What is expected:
Repeat the lines below exactly as written, please, from the line with "園崎 虹ノ助さんの外格は21画の5点!" to the line with "Der offen gestaltete", both lines included, and no others.

Information shown:
########################################
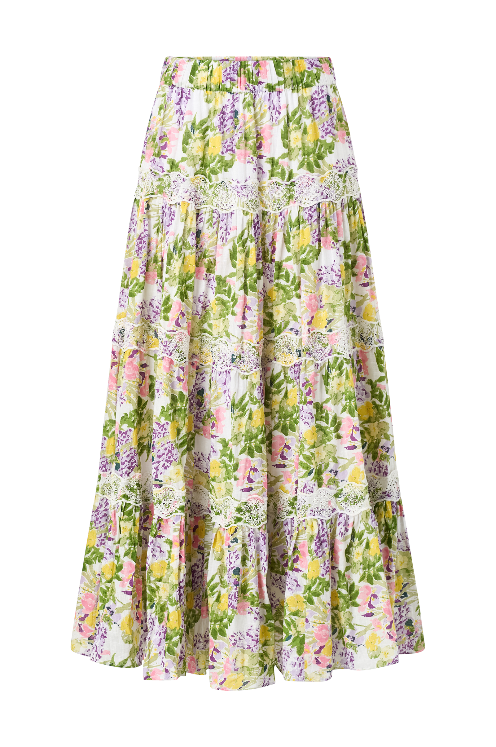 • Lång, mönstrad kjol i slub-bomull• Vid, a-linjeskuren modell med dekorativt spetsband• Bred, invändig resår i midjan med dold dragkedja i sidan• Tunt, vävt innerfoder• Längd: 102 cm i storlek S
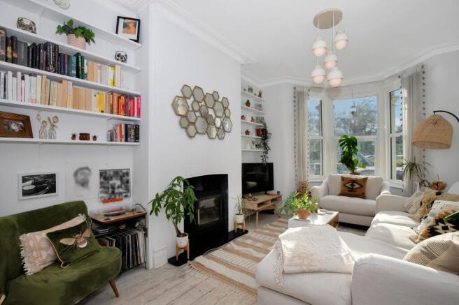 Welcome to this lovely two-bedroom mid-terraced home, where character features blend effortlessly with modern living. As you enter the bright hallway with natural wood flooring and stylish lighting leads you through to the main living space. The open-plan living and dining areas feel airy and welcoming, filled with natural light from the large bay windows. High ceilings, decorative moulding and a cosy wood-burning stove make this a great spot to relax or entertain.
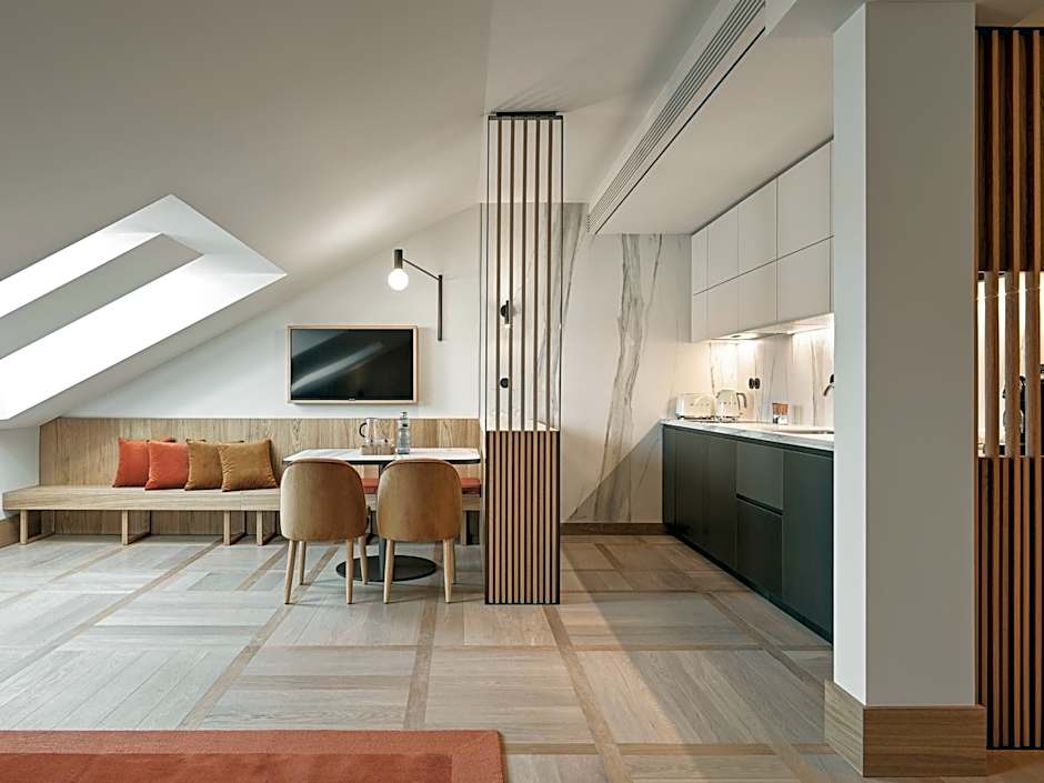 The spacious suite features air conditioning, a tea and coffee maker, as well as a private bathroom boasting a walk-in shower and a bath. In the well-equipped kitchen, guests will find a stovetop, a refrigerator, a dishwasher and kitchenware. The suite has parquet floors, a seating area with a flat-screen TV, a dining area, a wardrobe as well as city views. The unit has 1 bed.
########################################
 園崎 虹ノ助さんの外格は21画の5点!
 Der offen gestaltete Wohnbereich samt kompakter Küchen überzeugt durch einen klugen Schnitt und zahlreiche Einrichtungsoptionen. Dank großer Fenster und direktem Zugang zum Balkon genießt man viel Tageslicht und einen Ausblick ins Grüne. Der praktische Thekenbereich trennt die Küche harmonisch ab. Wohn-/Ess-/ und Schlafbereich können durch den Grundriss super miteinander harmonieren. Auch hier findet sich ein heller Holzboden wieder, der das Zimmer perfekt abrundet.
########################################
Answer section:
 園崎 虹ノ助さんの外格は21画の5点!
 Der offen gestaltete Wohnbereich samt kompakter Küchen überzeugt durch einen klugen Schnitt und zahlreiche Einrichtungsoptionen. Dank großer Fenster und direktem Zugang zum Balkon genießt man viel Tageslicht und einen Ausblick ins Grüne. Der praktische Thekenbereich trennt die Küche harmonisch ab. Wohn-/Ess-/ und Schlafbereich können durch den Grundriss super miteinander harmonieren. Auch hier findet sich ein heller Holzboden wieder, der das Zimmer perfekt abrundet.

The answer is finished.